I wish you the best with this project, and I hope to see this in other matrix clients as well at some point, cheers.

DashieTM avatar Jul 23 '23 17:07 DashieTM

Hello @fkwp,

I have to disagree with you and everyone involved in making this decision.

Considering that Element Call was intended to be a slim and lightweight VoIP app, it is interesting to see support for screenshare, which undoubtedly is a valuable feature, but considerably more sophisticated than a simple volume threshold? Especially because it is designed for simplicity, a volume threshold serves as the simplest inbuilt solution, eliminating the need for complex ML noise reduction or other algorithms. This feature, being optional, serves to both technical and non-technical users. Non-power users who may not feel comfortable using it can simply choose not to, but depriving everyone of this option seems unreasonable.

Considering that this app is designed for VoIP, adding a volume threshold is in line with providing an all-encompassing experience. I have personally encountered instances where meetings suffered from poor voice quality, and a volume threshold would have been immensely helpful in rectifying the issue. Even for non-technical users, colleagues in the meeting could easily guide them (even with screenshare) to set the volume threshold correctly, enhancing the overall voice experience for everyone involved, making the whole application more appealing.

Coming back to discord again: It is a prime example of a mass adopted application with a user base also consisting of non-power users, which successfully implemented a volume gate. This feature has been a market standard, also adopted by successful predecessors like e.g., Teamspeak, making it a widely recognized and easily explainable tool for managing voice quality. I don't see how this needs a decent amount of technical knowledge in order to use it properly, especially given the previously mentioned fact, that other meeting attendees can help out.

I kindly recommend you to reconsider this decision.

Neotamandua avatar Jul 23 '23 21:07 Neotamandua

To summarize, I understand that the main objections against this feature are:

  1. Limited design bandwidth to support this features / features outside the roadmap (brought forward by @robintown)
  2. Element Call needs to just work for non-expert, non-discord, non-power users (@fkwp)
  3. Element Call should be kept lightweight (@fkwp)

Regarding point 1 @SplittyDev has raised an excellent point: Seeing how this PR is basically done, the bandwidth requirement should be minimal.

Regarding point 2 and 3, I fully agree with @Neotamandua and I would like to add a few more thoughts:

About point 2: I believe this argument is misplaced in this discussion, because the feature does not take away from the existing functionality or hamper it in any way. Non-experts can and likely will just ignore such a setting.

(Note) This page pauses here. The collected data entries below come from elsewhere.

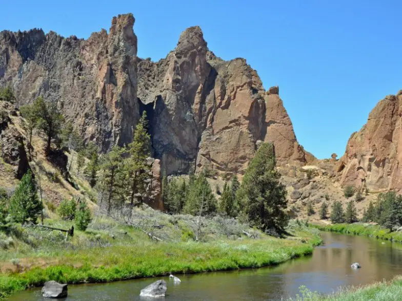 Another unforgettable place to hike in Oregon is Smith Rock State Park. The Canyon to Rim Loop here is about 3.4 miles round-trip from the welcome center. You’ll see rock climbers here, as well as wildlife, impressive canyon views, and maybe even some bald eagles. Other top hikes at this scenic state park are the Reverse Misery Ridge Loop that’s 3.7 miles, Summit Loop that’s 7.3 miles, and the Homestead to North Point Loop that’s 1.8 miles long.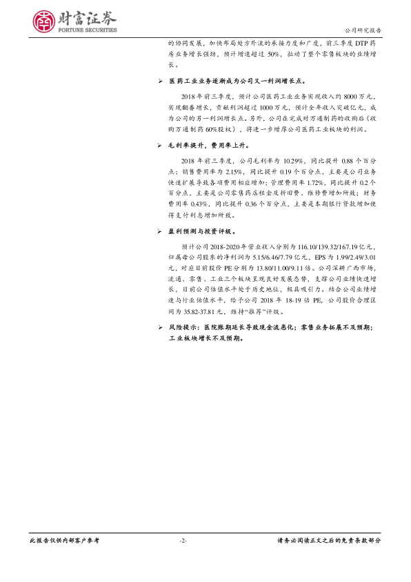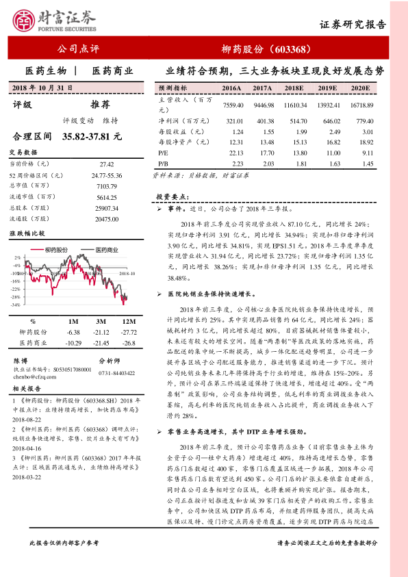 本报告对柳药股份2018年三季报进行了深入分析,认为公司业绩符合预期,三大业务板块呈现良好发展态势。医院纯销业务稳健增长,零售业务高速扩张,医药工业业务成为新的利润增长点。公司毛利率提升,但费用率也有所上升。报告维持“推荐”评级,并提示了相关风险。总体而言,柳药股份深耕广西市场,估值水平具有吸引力,值得投资者关注。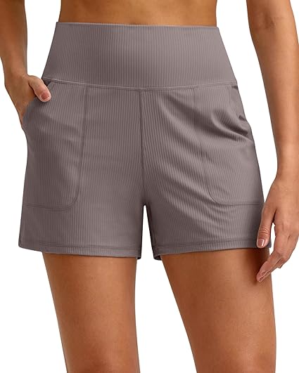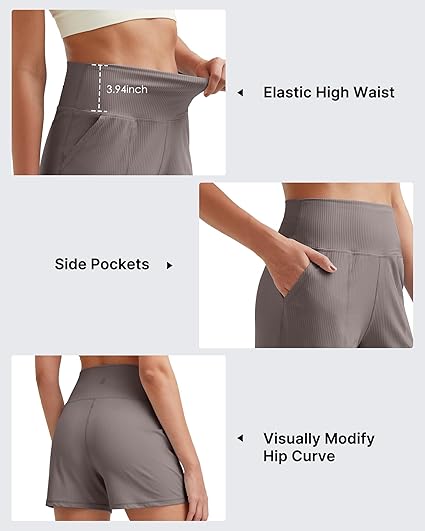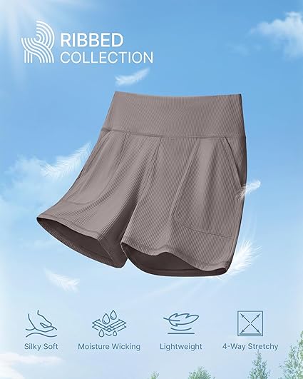 G4Free Ribbed Casual Shorts for Women High Waisted Trendy Running Athletic Summer Shorts with Pockets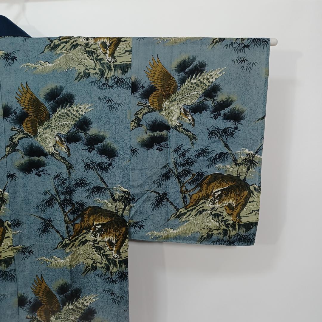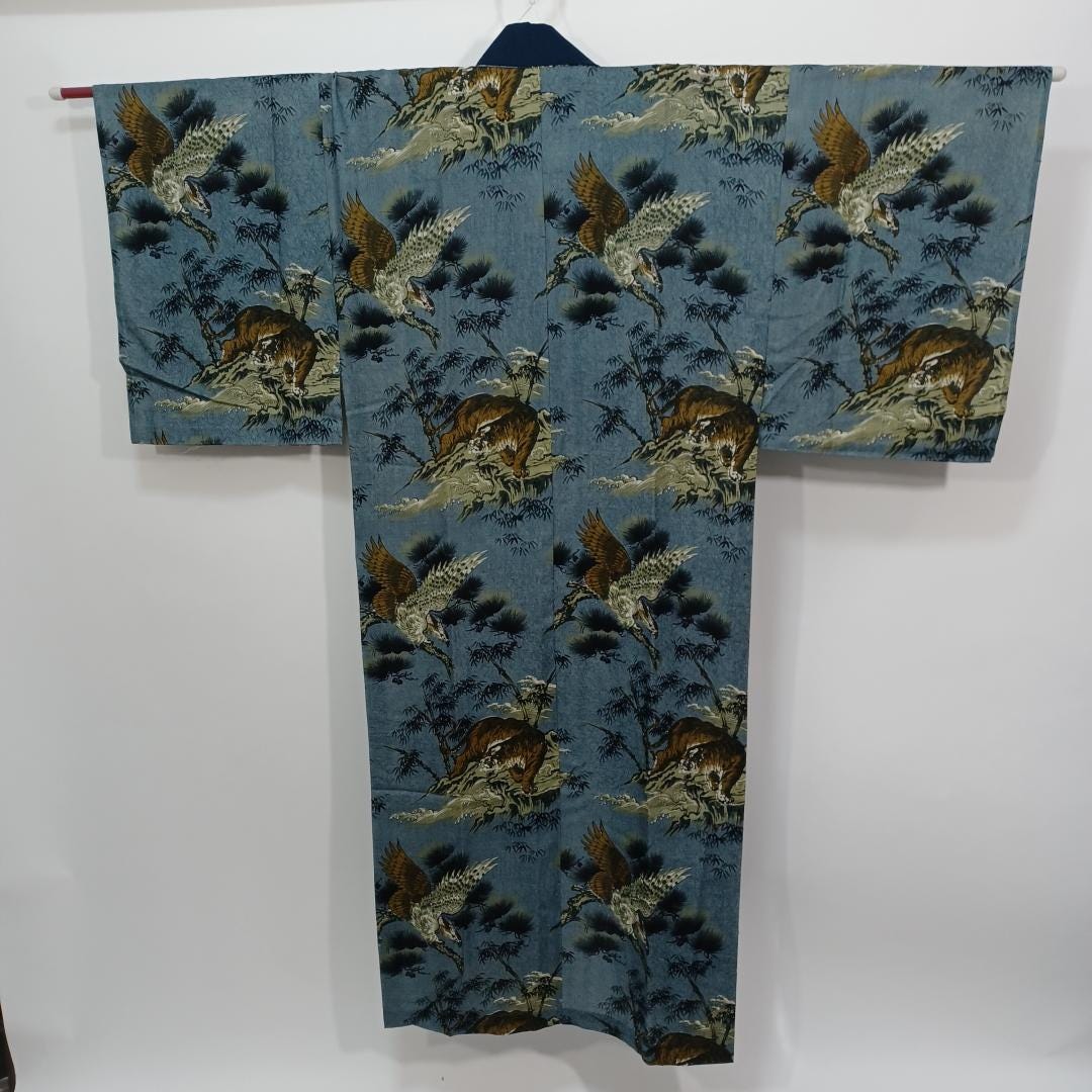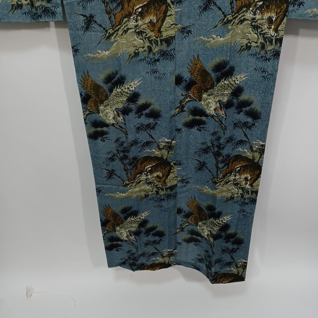 Used Men's Kimono Juban Blue Tiger Eagle Cotton Japanese traditional kimono underwear

About point 3: While I understand that you want to keep Element Call as lightweight as possible, I do believe that the benefits of this feature by far outweighs the added complexity, because it solves a big fraction of a more complex problem (see also #714) in a very simple way. In none of the major voice or video conferencing softwares that I am using (this includes not only Teamspeak and Discord, but also more business-focused applications like Slack, Teams and Zoom), I hear as much typing, mouse clicking and other background noise as in Element Call. I expect silence when nobody is talking, especially since this is a solved problem virtually everywhere else (and has been solved for more than 15 years, e.g. with TeamSpeak 2).

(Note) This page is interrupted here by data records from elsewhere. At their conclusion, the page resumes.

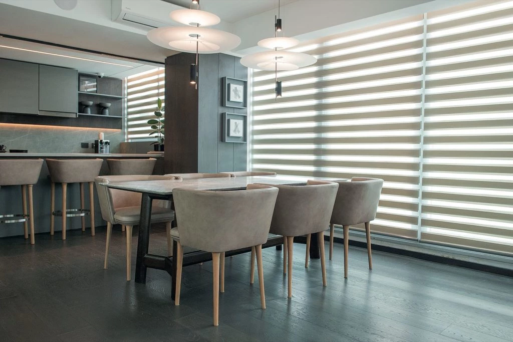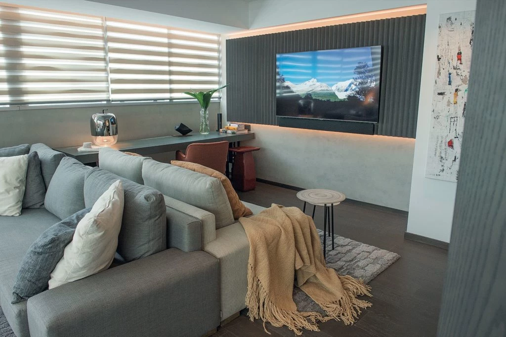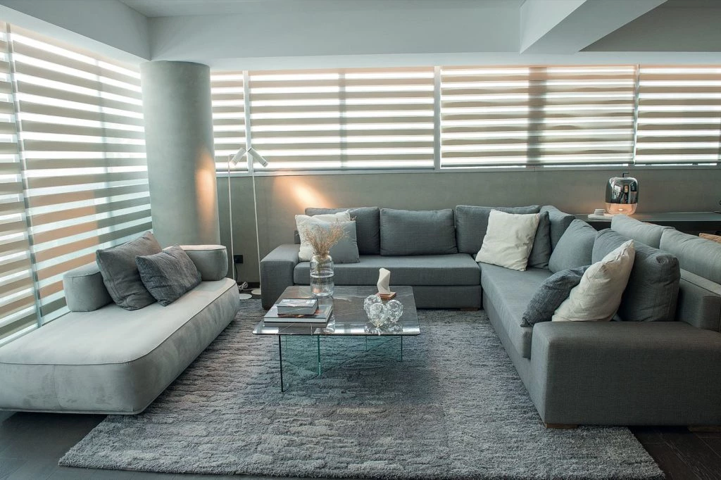 Empezamos el corrido por el luminoso living con sus ventanales en esquina que se cierran con unas cortinas estilo Eclipse (Hunter Douglas).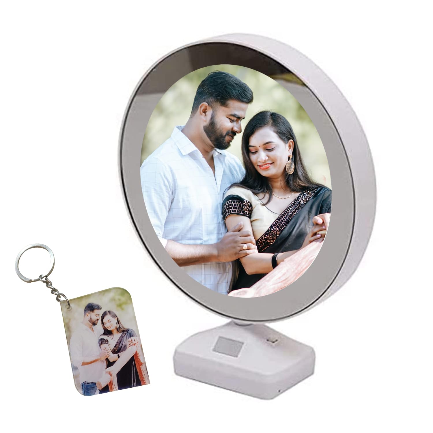 UK-0174 Magic Mirror Photo Frames with LED Light Inside Round & Customized Personal Photograph with USB Cable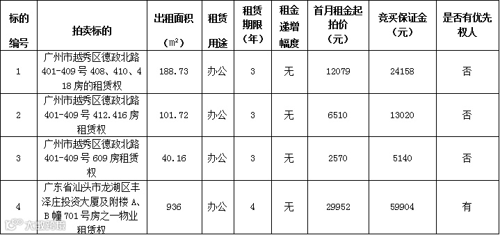 五、上述标的《广州市越秀区德政北路401-409号408、410、418房等4项物业租赁权拍卖标的情况及特别说明》、《广州市房屋租赁合同(模板)》/汕头项目的《租赁合同(模版)》及《拍卖规则和注意事项》等拍卖资料请各竞买人登录交易平台详细查看本公告附件内容。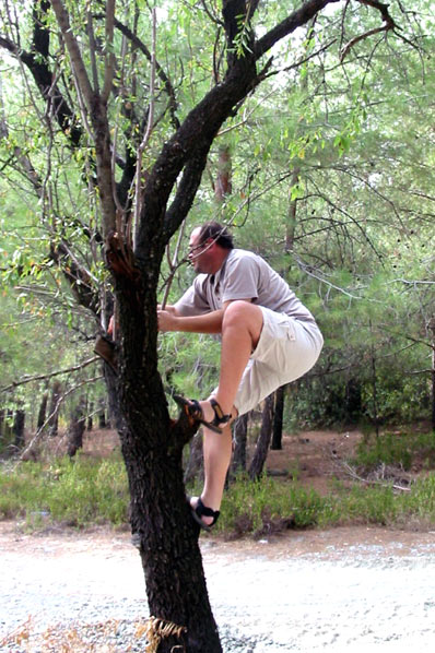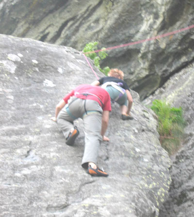 Женя лезет в гору. Любимая жена прокладывает путь-)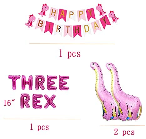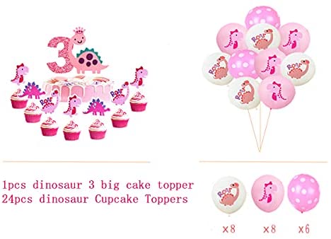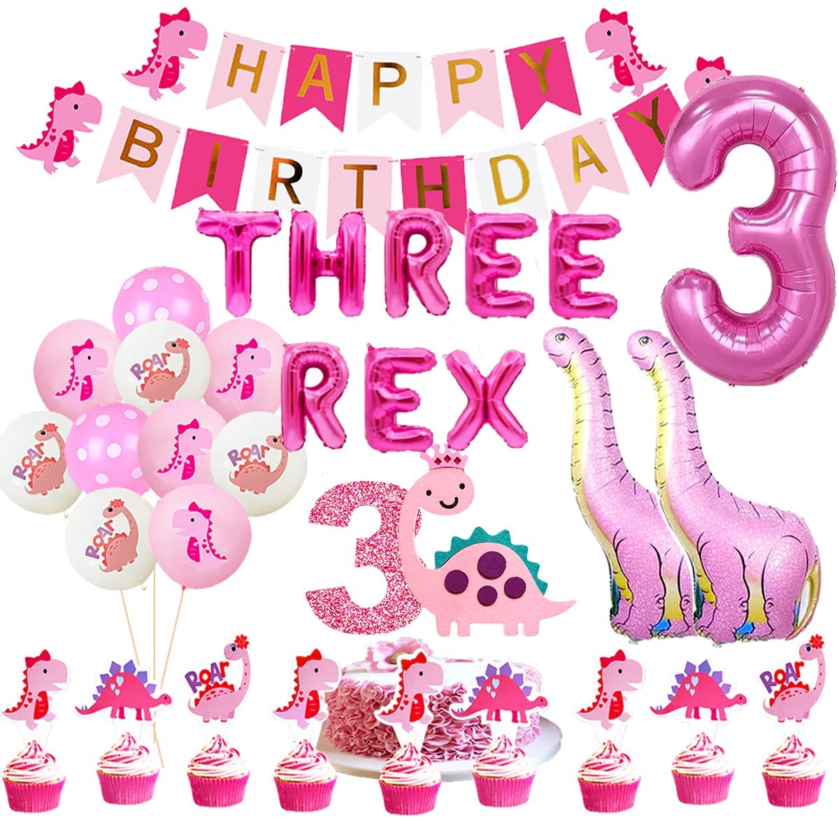 Pink Dinosaur Party Supplies For Girls 3rd Birthday Decorations Pink Three Rex Dinosaur Balloons Banner Dino Cake Topper Cupcake Toppers Girls 3rd Pink Dinosaur Decor
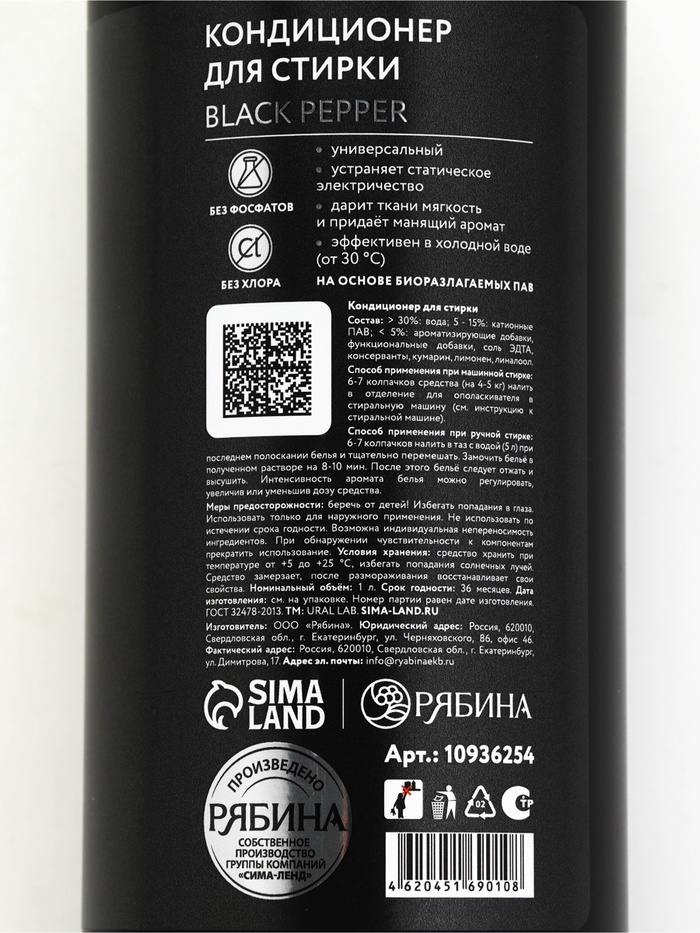 Кондиционер для белья парфюмированный Black pepper, 1000 мл, ULAB — Характеристики

With that, I would like to join @Neotamandua in politely asking you to reconsider this decision.

MLWeber avatar Sep 02 '23 13:09 MLWeber

I've been been following this PR since the beginning and I was pretty shocked to see it rejected. It's frustrating that Element is constantly being touted as an alternative to Discord and, while there is some truth in that, the things that make Discord Discord are constantly being ignored.

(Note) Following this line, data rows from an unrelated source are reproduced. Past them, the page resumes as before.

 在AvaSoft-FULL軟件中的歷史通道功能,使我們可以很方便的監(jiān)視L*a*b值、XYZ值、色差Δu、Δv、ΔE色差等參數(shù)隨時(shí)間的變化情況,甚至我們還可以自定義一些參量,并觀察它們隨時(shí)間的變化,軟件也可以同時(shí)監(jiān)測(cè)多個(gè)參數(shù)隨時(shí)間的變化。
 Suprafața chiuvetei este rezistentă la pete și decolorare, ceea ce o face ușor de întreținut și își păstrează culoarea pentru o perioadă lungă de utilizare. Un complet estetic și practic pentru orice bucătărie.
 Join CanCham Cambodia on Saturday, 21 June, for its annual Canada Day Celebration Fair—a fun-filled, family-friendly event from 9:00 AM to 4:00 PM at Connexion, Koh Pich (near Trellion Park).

It's getting to the point that whenever I see a social media post from Element or one of the Matrix people comparing Element to Discord, my brain subconsciously edits the message to "better than generic messenger" because Element is leagues behind Discord despite only needing to implement a small number of features to get their foot in.

eonrider avatar Sep 21 '23 19:09 eonrider

I agree completely with the above couple of comments and I cannot wrap my head around how implementing these basic features is not one of their top priorities. I am absolutely certain that the moment element had discord / teamspeak / mumble style voice-only rooms with voice activation they would instantly gain tens if not hundreds of thousands of users. Just search for "self-hosted discord alternative" and you will see that there is a huge demand.

Instead, the focus seems to lie on becoming another competitor to slack or teams, which in my opinion is a lost cause, especially if they don't already have a large userbase that would advocate for element. The only explanation I can come up with is that it is easier to secure investments with a business focused target userbase. I think this can never succeed.

Sorry for the off-topic rant. It is so frustrating to see a project with so much potential go absolutely nowhere due to narrow-minded strategic decisions.

hoptional avatar Sep 21 '23 20:09 hoptional